第二に、言葉を言い換えると表現が乏しくなるという議論には何の説得力も根拠もない。筒井康隆の作品は、どう言葉を言い換えようと、たぶん下らないものは下らないままだ。或る作品において、特定の言葉の意味合いや歴史的な経緯も含めて、その言葉を使うこと自体に重大な効果があると作家自身が論証できた作品など存在しない。これまで差別的な表現が文学作品でそのまま残されてきているのは、せいぜい「差別されている状況をそのまま差別として伝えるために、表現として残す」という理由があるからだ。要するに、差別という事実を伝えるために表現として維持するという目的だけしかない。そして、そういう目的で使っているわけでもないなら、言葉を維持することで何の効果があるのか誰にも分からない。

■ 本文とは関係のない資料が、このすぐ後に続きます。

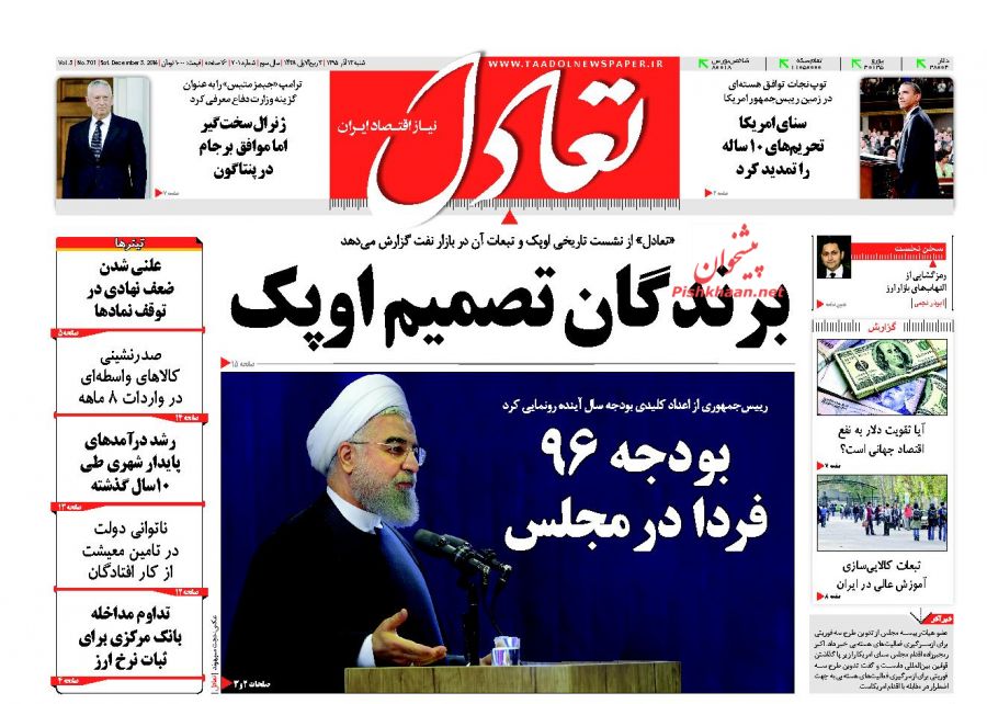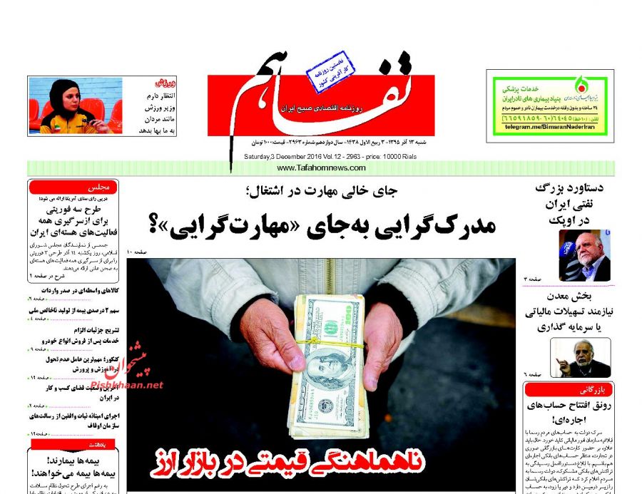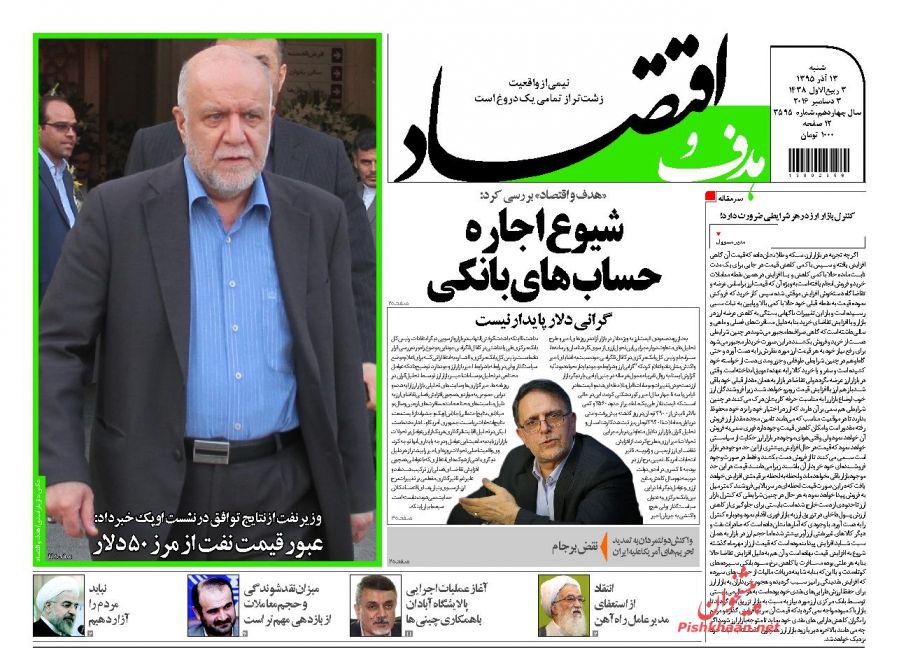 صفحه اول روزنامه های اقتصادی روز 30 آذر

そして、そういう表現を作家が使ったという事実を記録として保存することが作品の本質でもないなら、そのような表現に固執する文学的な理由は何もないであろう。自分のメモ書きを正確な記録として出版したいという傲慢な理由があるなら話は別だが。だいたい、たかだか数千ていどの言葉を他の言葉に置き換えたくらいで、言語としての表現力が失われるなどというのは滑稽な空想である。その程度で言語表現が乏しくなるなら、もともとそんな言語は語句を構成する働きが貧弱な原始的言語であるか、あるいは言葉を使う当人において語句を構成するための概念が少なく貧弱であるかのどちらかが理由であろう。もともと、たいていの言語は使うヒトの側の認知能力に重大な制約がない限りは、文字も単語も語句や文の組み合わせも無数にありうる筈である。或る言葉を使うべきでないと決まれば、それを越える表現を案出して悪いわけがないし、それをやるのが文学者というものであろう。手持ちの駒だけで棋士のようにクリエーティブな成果を出してもいいが、果たして文学者の役割とはそういうもの《だけ》なのだろうか。(もちろん俳句のように決まった季語だけを使うルールの中で創造性を発揮してもいいが、他の言語表現もそうあらねばならない理由などない。)

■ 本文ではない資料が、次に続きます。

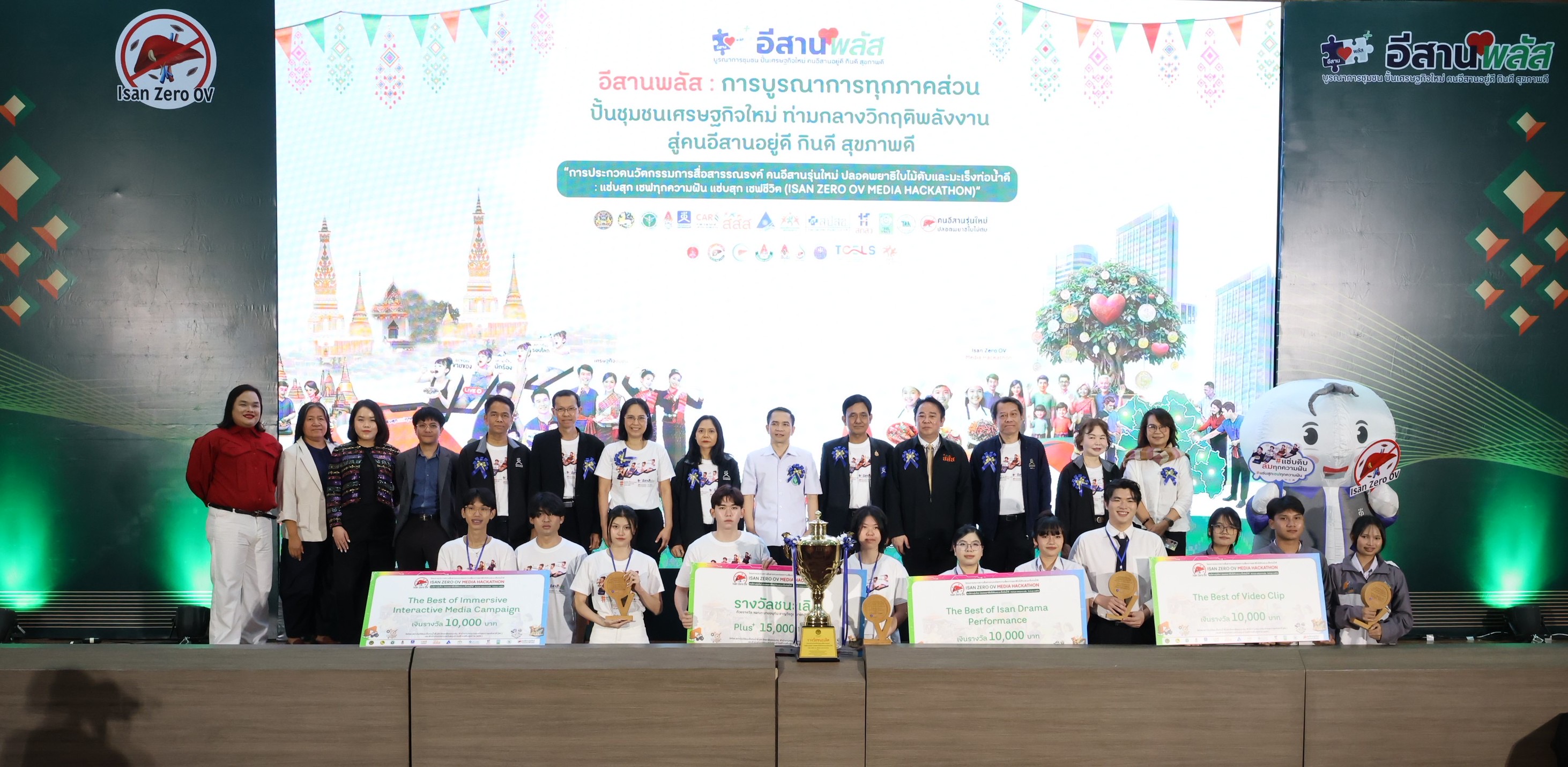 นวัตกรรมการสื่อสารรณรงค์ “คนอีสานรุ่นใหม่ ปลอดพยาธิใบไม้ตับและมะเร็งท่อน้ำดี (ISAN Zero OV Media Hackathon)” ได้สำเร็จไปเป็นที่เรียบร้อย ในวันที่ 5 เมษายน 2569 ซึ่งทีมที่ได้รางวัล Best of The Best รับถ้วยรางวัล ฯพณฯ อนุทิน ชาญวีรกูล นายกรัฐมนตรี ได้แก่ทีม เริ่ด ที่ผลิตผลงานเข้าประกวดในสื่อประเภทศิลปะตกแต่งและบอร์ดเกม พร้อมทั้งรับรางวัล The Best of Decorative Arts and Board Game พ่วงไปอีกด้วย

それから、的外れな理由として、そういう言葉が歴史的な経緯をもって使われてきたというだけで「伝統」だと言い放つ人たちがいる。それがまさしく、差別は伝統だという馬鹿げた議論へ直結してしまうことも分かっているらしいが、このような人々が実際のところどれくらいいるのかというと、僕は無視できると思う。マスコミ・出版の業界で仕事をしているライターやジャーナリストや評論家などのパフォーマンスとしては何度も出てくるものであり、こういうものは常になくならない。いちいち取り上げるのも時間の無駄であって、こうしたことを書く人々がそれこそ他の仕事では食べられないという自己証明だと見做していい。こういうバカげた議論を公に書いてのける連中というのは、それこそそんな文章によって「無能」と書かれた名刺をばらまいているようなものだと考えた方がいいだろう。